-- WHAT YOU HAVE TO DO --
This calls for a verbatim copy of all the data, with no images carried over.

PROVIDED INFORMATION: Begin

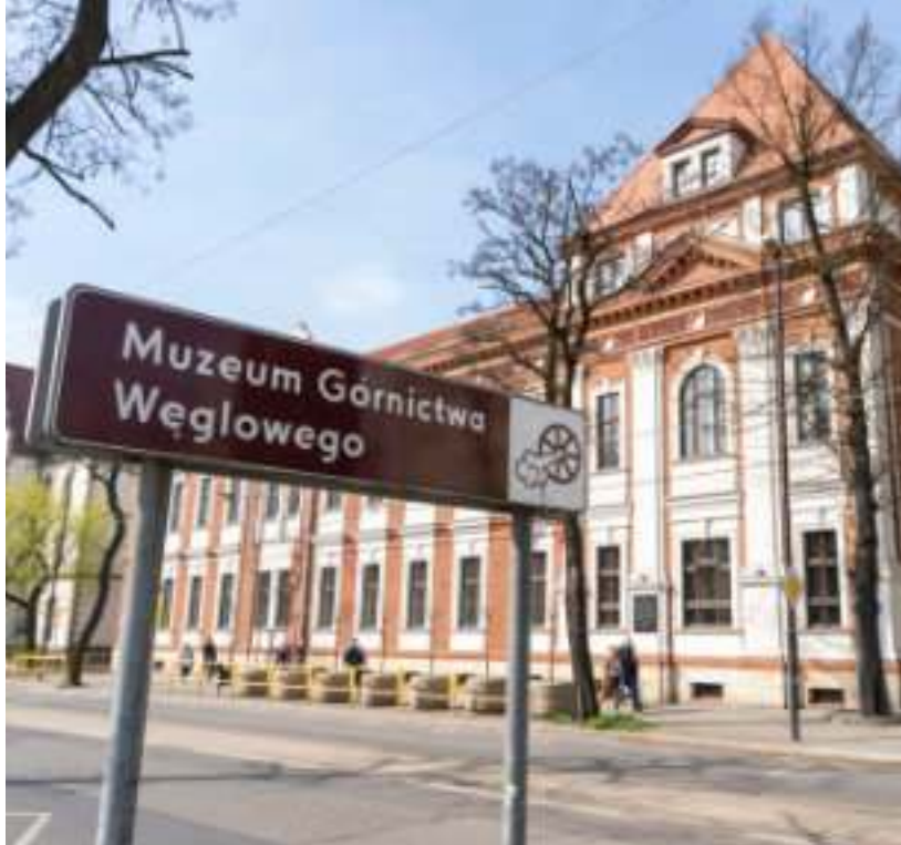
► Miejscem konferencji była wyremontowana siedziba MGW przy ul. 3 Maja
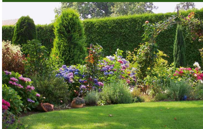
▲ Garten Koch, Kalletal
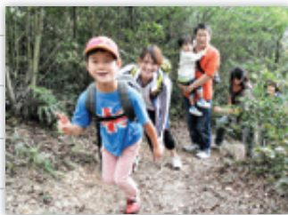
山頂まであと少し。子どもたちは最後まで元気。
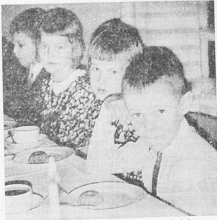
Aven de yngsta var med om att inviga bygdegården.

Den första kvällen i den »nya» bygdegården avslutades med en andaktsstund, som leddes av komminister Möne.
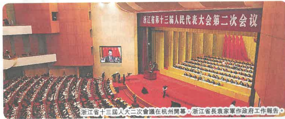
浙江省十三屆人大二次會議在杭州開幕，浙江省長袁家軍作政府工作報告。

2018年浙江數字經濟核心產業增加值增長13.1%，規模以上時尚、高端裝備、健康製造業增加值分別增長9.7%、9.2%、8%；規模以上高技術產業、高新技術產業、裝備製造業、戰略性新興產業增加值分別增長13.7%、9.4%、10%、11.5%。浙江建成「無人車間」、「無人工廠」66個，新增上雲企業12萬家、新增高新技術企業3,187家。
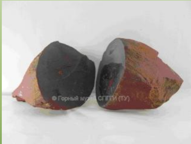
Вулканическая крученая бомба (в разрезе).

PROVIDED INFORMATION: End

-- EXPECTED ANSWER --
► Miejscem konferencji była wyremontowana siedziba MGW przy ul. 3 Maja
▲ Garten Koch, Kalletal
山頂まであと少し。子どもたちは最後まで元気。
Aven de yngsta var med om att inviga bygdegården.

Den första kvällen i den »nya» bygdegården avslutades med en andaktsstund, som leddes av komminister Möne.
浙江省十三屆人大二次會議在杭州開幕，浙江省長袁家軍作政府工作報告。

2018年浙江數字經濟核心產業增加值增長13.1%，規模以上時尚、高端裝備、健康製造業增加值分別增長9.7%、9.2%、8%；規模以上高技術產業、高新技術產業、裝備製造業、戰略性新興產業增加值分別增長13.7%、9.4%、10%、11.5%。浙江建成「無人車間」、「無人工廠」66個，新增上雲企業12萬家、新增高新技術企業3,187家。
Вулканическая крученая бомба (в разрезе).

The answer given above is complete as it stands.